From the Guidelines
For persistent dry cough, a combination of Medrol Dosepak (methylprednisolone), Tessalon (benzonatate), and Atrovent nasal spray (ipratropium bromide) can be effective, though this specific combination should be prescribed by a healthcare provider. This combination addresses different aspects of cough: inflammation (Medrol), the cough reflex itself (Tessalon), and upper airway triggers (Atrovent) 1.
Key Considerations
- Medrol Dosepak is a corticosteroid that reduces inflammation in the airways, typically taken as directed in the package with decreasing doses over 6 days.
- Tessalon is a non-narcotic cough suppressant that works by numbing stretch receptors in the lungs, usually taken as 100-200mg capsules three times daily.
- Atrovent nasal spray helps reduce post-nasal drip that can trigger coughing, typically used as 2 sprays per nostril 2-3 times daily.
- Side effects may include increased blood sugar from Medrol, numbness in the mouth from Tessalon, and nasal dryness from Atrovent.
Approach to Cough Management
According to the American College of Chest Physicians (ACCP) evidence-based clinical practice guidelines, an effective approach to cough is to sequentially evaluate and treat for the common causes of cough using a combination of selected diagnostic tests and empiric therapy 2, 3, 4.
Underlying Causes
If the cough persists beyond 2 weeks despite treatment, further evaluation is recommended to identify underlying causes such as:
- Asthma
- GERD
- Chronic sinusitis It is essential to consider these potential underlying causes and adjust the treatment plan accordingly, as suggested by the guidelines 1, 2, 3, 4.
Treatment Adjustments
In patients with chronic cough, therapy should be given in sequential and additive steps because more than one cause of cough may be present 4. The guidelines recommend directing empiric treatment at the most common causes of cough, including UACS, asthma, NAEB, and GERD, and considering referral to a cough specialist if the condition remains undiagnosed after evaluation and treatment 4.
From the FDA Drug Label
The recommended dose of ipratropium bromide solution, 0.03% is two sprays (21 mcg) per nostril two or three times daily (total dose 168 to 252 mcg/day) for the symptomatic relief of rhinorrhea associated with allergic and nonallergic perennial rhinitis in adults and children age 6 years and older. The combination of Medrol Dosepak, Tessalon, and Atrovent Nasal Spray may be used for a persistent dry cough, but the specific use of Atrovent Nasal Spray is for the symptomatic relief of rhinorrhea associated with allergic and nonallergic perennial rhinitis.
- The Atrovent Nasal Spray dose is two sprays per nostril two or three times daily.
- Medrol Dosepak and Tessalon are not mentioned in the provided drug label. 5
From the Research
Medications for Persistent Dry Cough
- Medrol Dosepack is a corticosteroid used to treat various conditions, including asthma and allergic reactions, but its effectiveness for persistent dry cough is not directly mentioned in the provided studies 6, 7, 8.
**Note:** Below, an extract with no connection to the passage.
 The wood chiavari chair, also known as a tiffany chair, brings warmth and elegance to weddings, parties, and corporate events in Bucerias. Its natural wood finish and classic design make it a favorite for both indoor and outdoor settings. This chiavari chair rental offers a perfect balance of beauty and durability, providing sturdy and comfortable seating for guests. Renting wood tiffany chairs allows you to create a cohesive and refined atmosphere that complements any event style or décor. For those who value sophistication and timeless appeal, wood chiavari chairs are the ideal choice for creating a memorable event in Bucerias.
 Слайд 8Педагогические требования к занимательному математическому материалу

- Tessalon is a cough suppressant, but there is no specific information about its use for persistent dry cough in the given studies.
- Atrovent nasal spray, which contains ipratropium bromide, is used to treat rhinorrhea and may be beneficial for upper airway cough syndrome, a common cause of chronic cough 7, 8.
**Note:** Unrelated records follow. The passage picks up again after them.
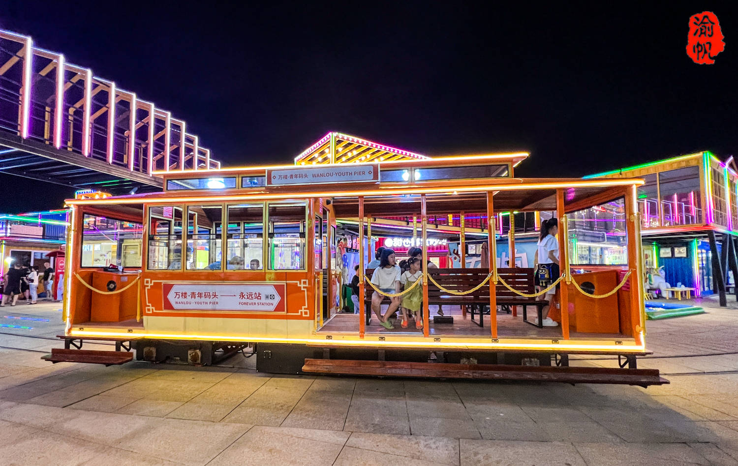 万楼青年码头虽然不大,但是好玩的的确很多,里面还建有轨道观交光列车,速度不快,但体验很好,坐在上面,看着眼前流光溢彩的店铺,如同现代版的清明上河图一般。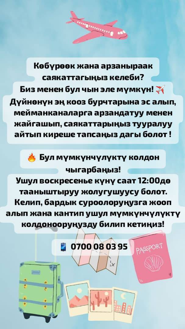 Көбүрөөк жана арзаныраак саякаттагыңыз келеби? Биз менен бул чын эле мүмкүн! ✈️ Дүйнөнүн эң кооз бурчтарына эс алып, мейманканаларга арзандатуу менен жайгашып, саякаттарыңыз тууралуу айтып киреше тапсаңыз дагы болот ! 🔥 Бул мүмкүнчүлүктү колдон чыгарбаңыз! Ушул воскресенье күнү саат 12:00дө тааныштыруу жолугушуусу болот. Келип, бардык суроолоруңузга жооп алып жана кантип ушул мүмкүнчүлүктү колдонооруңузду билип кетиңиз! 📱 0700 08 03 95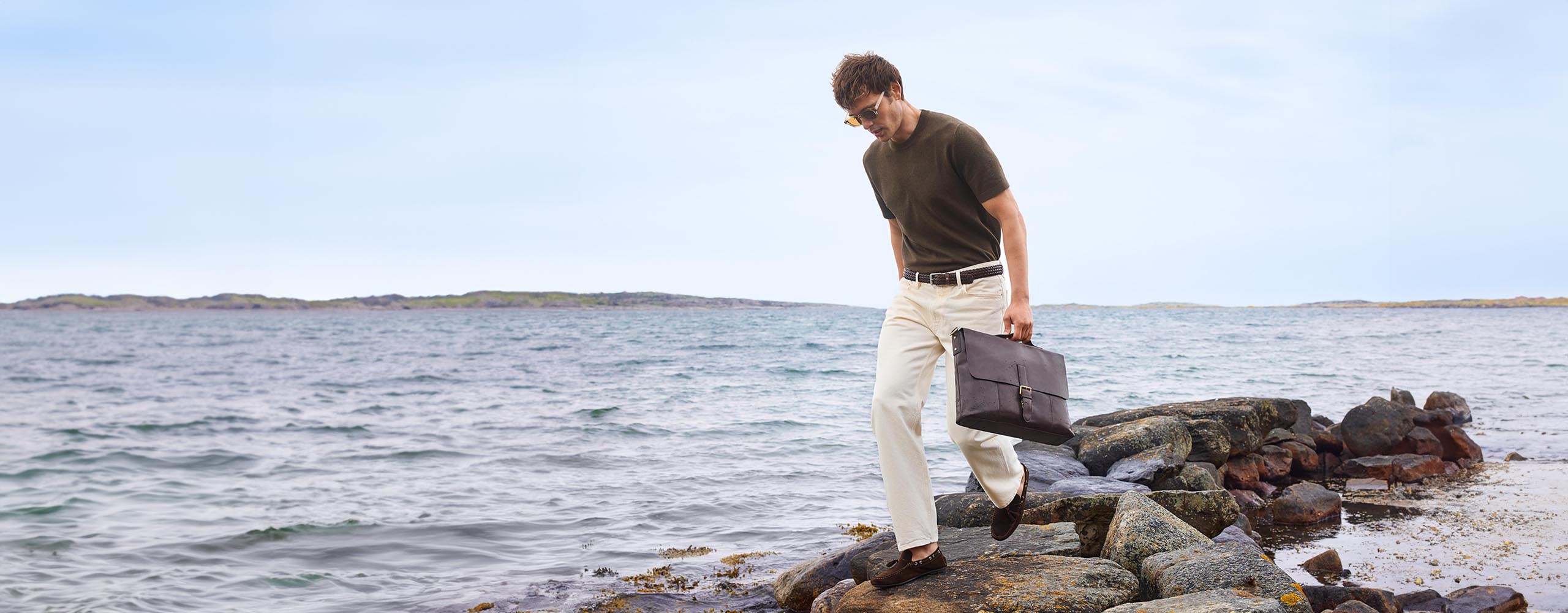 Upptäck sommarens accessoarer från Saddler – där hantverk och passion för läder förenas i en hyllning till den svenska kustens råa skönhet. Välj bland utvalda accessoarer i jordnära färger och robusta strukturer. Från rymliga väskor till stilrena bälten – detaljerna som gör dig redo för sommaren och fulländar din outfit, från en klassisk vit skjorta till avslappnade, svala plagg i linne.

Causes and Treatment of Persistent Dry Cough
- The most common causes of persistent dry cough include upper airway cough syndrome, gastroesophageal reflux disease, asthma, and nonasthmatic eosinophilic bronchitis 7, 8.
- Treatment of the underlying cause is essential, but symptomatic relief may be necessary when the cough interferes with the patient's health and sleep 6.
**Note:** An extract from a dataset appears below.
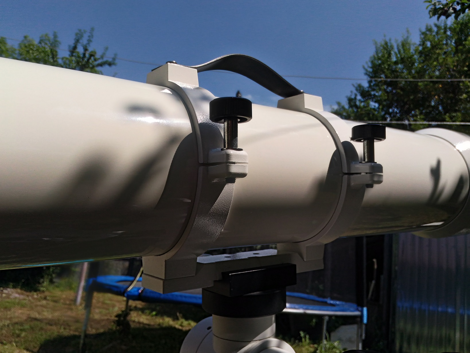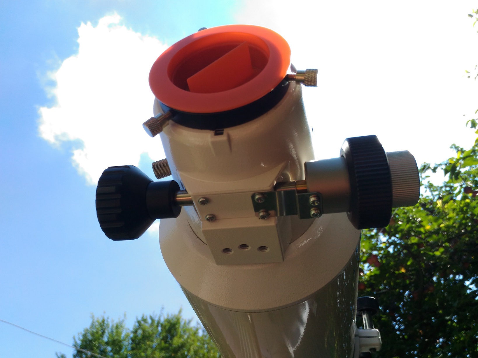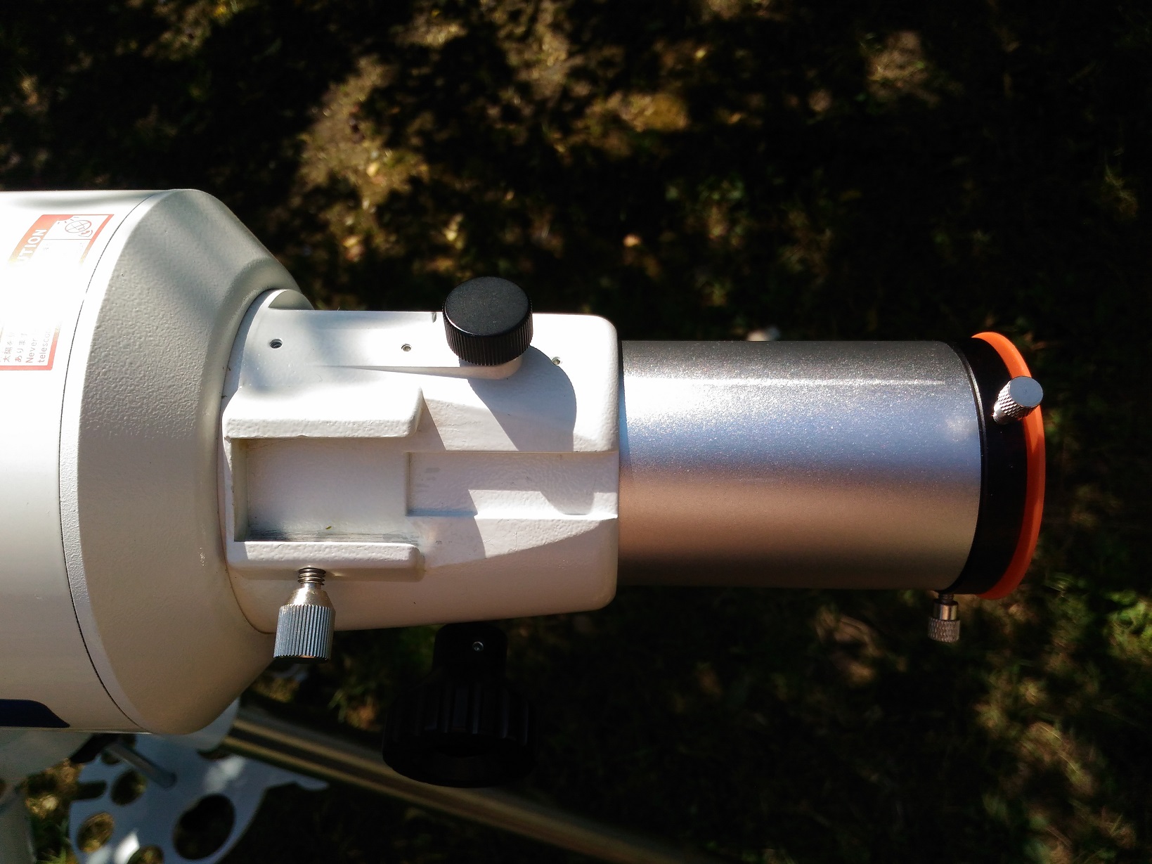 Telescop maricel, foarte aratos si bine “inchegat” . Pe sinele de prindere are ca maner o curea care la prima impresie pare oarecum fragila dar isi face treaba cu brio. Focuser dual speed pe 2” de tip Rack and Pinion foarte précis si fin in folosire. Are o cursa de 8.2 cm, este sufficient de stabil sa tina diagonala si ocularele de 2” folosite si deci tine un dslr gras fara stress, doar este un veritabil astrograf. Se vindea fara cautator, deci se poate adapata unul dupa plac, ce folosesc ? Ce gasesc la indemana caci am cam 10 tipuri. Are un dewshield detasabil si capacul este de metal. Antireflexul cu tenta verzuie.

- In some cases, no associated cause can be found, and treatment remains a challenge 6.
Use of Ipratropium Bromide for COPD
- Ipratropium bromide, in combination with budesonide, has been shown to improve lung function and reduce inflammation in patients with acute exacerbation of COPD 9.
- However, its effectiveness for persistent dry cough in patients without COPD is not directly addressed in the provided studies.